O nedenle V.Atiba'yı bozarak yapılana rotasyon denmez… Uzatmayalım, ligin en krıtik haftalarında işleri arap saçına çeviren, derbilerde panikleyen bir Bilic var karşımızda… O nedenle Beşiktaş'ın şampiyon olması mucize gibi bir şey… Çok puan toplar, yarışı sonuna kadar sürdürür, bir çok rakibi yener; fakat eninde sonunda Bilic engeline takılır.
Bekleyin görün.

Atiba kumarı
Eskişehir'de aklına esen her türlü komikliği yapan Bilic'in anlaşılmaz icraatlarından biri de Serdar Kurtuluş-
Atiba değişikliği oldu.
Atiba'yı savunmanın sağına çeken Bilic acaba ne bekliyordu!
Atiba derken, rakibin kontrataklarına karşı koyacak kadar hızlı bir oyuncudan mı bahsediyoruz, yoksa sağ kanattan onlarca bindirme yaparak rakibi bunaltacak bir oyuncu mudur Atiba! İkisi de değil! O zaman sağ bekte Serdar Kurtuluş'tan farklı ne yapabilirdi ki? Yani bu değişikliğin akla, mantığa uygun olan bir tek tarafı var mı?
Al Atiba'yı Veli'nin yanına, çıkar Kerim ya da Oğuzhan'ı maçı kurtar!
Aklın yolu bu.. Fakat Bilic'in akıl yoluyla işi yok, o kafasına göre takılıyor ve Beşiktaş'ı yakıyor.

Liverpool destanı!
Biliç'in korkaklığı Beşiktaş'ın Anfield Road'da gol atmasına izin vermedi. O nedenle tur işi zor. Bizim bildiğimizi oyuncular da biliyor, yani hocanın korkularının farkındalar. Bu şartlarda Beşiktaşlı oyuncuların önlerinde iki seçenek var; birincisi hocaları gibi korkmak, ikincisi Beşiktaş forması giydiklerini hatırlayıp 90 dakika durmak-dinlenmek bilmeden mücadele etmek. Birinci seçenekte Beşiktaş maçı kazansa bile turu kaybeder, ikinci seçenek ise tarih yazdırır.

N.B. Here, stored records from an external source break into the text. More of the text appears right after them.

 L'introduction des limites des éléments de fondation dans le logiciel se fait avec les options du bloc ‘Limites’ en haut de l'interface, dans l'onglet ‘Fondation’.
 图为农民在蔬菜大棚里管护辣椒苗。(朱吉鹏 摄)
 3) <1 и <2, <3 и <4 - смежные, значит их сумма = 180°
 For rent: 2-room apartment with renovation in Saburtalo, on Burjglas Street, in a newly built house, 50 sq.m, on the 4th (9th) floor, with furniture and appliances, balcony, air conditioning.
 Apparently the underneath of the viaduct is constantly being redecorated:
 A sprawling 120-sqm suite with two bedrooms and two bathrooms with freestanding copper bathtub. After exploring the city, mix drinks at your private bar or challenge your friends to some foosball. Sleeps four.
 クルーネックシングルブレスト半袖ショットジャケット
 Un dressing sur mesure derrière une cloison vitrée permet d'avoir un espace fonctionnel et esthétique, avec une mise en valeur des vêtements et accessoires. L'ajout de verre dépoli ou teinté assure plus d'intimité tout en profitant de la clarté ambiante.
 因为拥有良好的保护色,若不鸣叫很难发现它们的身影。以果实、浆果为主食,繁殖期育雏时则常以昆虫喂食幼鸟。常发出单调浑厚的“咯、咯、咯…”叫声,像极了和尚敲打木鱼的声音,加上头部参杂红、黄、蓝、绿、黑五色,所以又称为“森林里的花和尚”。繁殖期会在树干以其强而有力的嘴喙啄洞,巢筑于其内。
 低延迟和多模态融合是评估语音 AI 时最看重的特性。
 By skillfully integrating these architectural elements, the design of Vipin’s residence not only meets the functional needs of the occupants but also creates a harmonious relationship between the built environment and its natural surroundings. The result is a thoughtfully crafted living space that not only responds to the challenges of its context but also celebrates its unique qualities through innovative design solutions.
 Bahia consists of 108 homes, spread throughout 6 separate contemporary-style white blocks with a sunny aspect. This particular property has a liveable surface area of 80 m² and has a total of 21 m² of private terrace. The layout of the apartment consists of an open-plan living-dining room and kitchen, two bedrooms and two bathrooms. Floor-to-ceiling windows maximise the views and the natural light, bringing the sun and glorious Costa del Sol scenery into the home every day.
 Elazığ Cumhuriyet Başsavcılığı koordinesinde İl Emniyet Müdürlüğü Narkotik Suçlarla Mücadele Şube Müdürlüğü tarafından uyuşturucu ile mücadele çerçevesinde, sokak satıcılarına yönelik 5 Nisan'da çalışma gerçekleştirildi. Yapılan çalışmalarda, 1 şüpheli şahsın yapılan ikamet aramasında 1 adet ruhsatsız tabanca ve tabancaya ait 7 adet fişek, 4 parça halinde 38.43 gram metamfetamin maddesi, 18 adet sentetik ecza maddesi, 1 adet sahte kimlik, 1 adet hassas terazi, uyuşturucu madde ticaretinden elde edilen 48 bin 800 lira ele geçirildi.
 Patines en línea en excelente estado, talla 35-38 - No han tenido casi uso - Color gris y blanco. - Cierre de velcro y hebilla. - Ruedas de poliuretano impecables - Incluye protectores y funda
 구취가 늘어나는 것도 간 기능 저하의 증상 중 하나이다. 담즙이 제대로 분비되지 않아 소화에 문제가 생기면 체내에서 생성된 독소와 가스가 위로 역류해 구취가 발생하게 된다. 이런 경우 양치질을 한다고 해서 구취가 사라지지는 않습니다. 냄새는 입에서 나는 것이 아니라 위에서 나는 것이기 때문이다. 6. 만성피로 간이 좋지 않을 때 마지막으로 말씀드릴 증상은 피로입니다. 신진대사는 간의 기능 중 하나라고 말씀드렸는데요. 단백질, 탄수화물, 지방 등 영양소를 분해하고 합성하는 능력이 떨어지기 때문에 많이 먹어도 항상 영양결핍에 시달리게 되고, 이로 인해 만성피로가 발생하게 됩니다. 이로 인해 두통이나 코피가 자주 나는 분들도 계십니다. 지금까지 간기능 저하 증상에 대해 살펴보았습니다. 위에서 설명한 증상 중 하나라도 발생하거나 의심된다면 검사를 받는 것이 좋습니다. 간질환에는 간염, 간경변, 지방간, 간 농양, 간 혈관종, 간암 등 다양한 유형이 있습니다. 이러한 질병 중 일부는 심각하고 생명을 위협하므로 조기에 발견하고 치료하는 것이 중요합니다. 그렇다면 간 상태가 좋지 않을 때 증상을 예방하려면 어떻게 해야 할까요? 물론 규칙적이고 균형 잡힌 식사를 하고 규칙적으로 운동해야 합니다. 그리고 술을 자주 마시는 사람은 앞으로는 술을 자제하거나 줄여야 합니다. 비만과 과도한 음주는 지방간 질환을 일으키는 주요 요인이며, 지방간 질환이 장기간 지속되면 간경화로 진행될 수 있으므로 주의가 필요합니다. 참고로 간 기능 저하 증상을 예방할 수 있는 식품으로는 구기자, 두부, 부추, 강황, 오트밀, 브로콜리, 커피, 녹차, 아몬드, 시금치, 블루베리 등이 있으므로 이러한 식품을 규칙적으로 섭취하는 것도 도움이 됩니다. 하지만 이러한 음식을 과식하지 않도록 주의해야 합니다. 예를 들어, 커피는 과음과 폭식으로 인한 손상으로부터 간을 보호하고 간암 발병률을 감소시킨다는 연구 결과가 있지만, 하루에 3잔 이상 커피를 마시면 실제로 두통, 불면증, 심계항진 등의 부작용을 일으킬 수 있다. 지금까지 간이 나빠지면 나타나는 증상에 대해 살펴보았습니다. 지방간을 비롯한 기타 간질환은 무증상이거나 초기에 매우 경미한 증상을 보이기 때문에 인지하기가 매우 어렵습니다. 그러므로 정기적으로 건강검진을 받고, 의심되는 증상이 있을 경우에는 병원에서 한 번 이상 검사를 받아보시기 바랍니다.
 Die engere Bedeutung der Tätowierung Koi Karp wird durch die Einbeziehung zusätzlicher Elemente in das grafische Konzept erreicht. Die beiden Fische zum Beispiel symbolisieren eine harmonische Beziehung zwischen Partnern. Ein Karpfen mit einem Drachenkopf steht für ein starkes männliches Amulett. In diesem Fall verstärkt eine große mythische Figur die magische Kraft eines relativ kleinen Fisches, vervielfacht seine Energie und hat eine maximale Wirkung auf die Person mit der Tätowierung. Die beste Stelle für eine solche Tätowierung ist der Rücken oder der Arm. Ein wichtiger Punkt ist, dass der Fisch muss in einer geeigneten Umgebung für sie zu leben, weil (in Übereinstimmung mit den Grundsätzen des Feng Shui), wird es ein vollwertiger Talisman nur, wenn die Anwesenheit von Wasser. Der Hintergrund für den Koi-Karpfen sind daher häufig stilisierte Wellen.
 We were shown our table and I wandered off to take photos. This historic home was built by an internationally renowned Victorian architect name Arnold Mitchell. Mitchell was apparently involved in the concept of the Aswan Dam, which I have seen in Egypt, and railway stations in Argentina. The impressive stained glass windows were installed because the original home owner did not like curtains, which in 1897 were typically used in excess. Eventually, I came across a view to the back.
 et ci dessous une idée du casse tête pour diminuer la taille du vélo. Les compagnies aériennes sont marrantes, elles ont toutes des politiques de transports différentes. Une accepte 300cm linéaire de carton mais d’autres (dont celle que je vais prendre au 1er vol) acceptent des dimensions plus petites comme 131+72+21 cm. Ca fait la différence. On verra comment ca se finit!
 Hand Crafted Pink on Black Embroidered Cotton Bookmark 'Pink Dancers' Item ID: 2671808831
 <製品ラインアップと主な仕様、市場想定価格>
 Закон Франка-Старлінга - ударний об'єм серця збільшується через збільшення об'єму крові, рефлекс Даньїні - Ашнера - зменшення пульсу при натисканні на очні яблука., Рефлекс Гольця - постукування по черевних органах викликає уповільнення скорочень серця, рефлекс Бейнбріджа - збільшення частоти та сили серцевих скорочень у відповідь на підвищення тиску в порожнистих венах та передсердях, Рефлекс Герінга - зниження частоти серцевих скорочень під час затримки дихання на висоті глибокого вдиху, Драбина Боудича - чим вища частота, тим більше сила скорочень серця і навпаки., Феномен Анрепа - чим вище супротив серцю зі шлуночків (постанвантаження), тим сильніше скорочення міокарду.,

Bilic'e değil ama tribünleri dolduracak 65 bin Kartal yürekliye ve kutsal formanın değerini bilen futbolculara güveniyorum. Şansları, bahtları açık ola.

iKiSi DE BiTiK
Liverpool maçına bakın, sahanın en kötülerinin Oğuzhan ve Sosa olduğunu göreceksiniz… Hal böyleyken Bilic bu iki oyuncuyu, aynı onbire koyuyor… Nerede yapıyor bunu, Eskişehir gibi ateş hattında olan, can havliyle mücadele etmesi beklenen zorlu bir takıma karşı, üstelik deplasmanda!
Çıtkırıldım Sosa ve Oğuzhan yetmezmiş gibi, yanlarında da tıpkı onlar gibi ayaklarına top bekleyen Olcay ve Kerim var.
Yani mücadele kısmında Beşiktaş dört eksik. Bilic hala masal anlatıyor. Yersen.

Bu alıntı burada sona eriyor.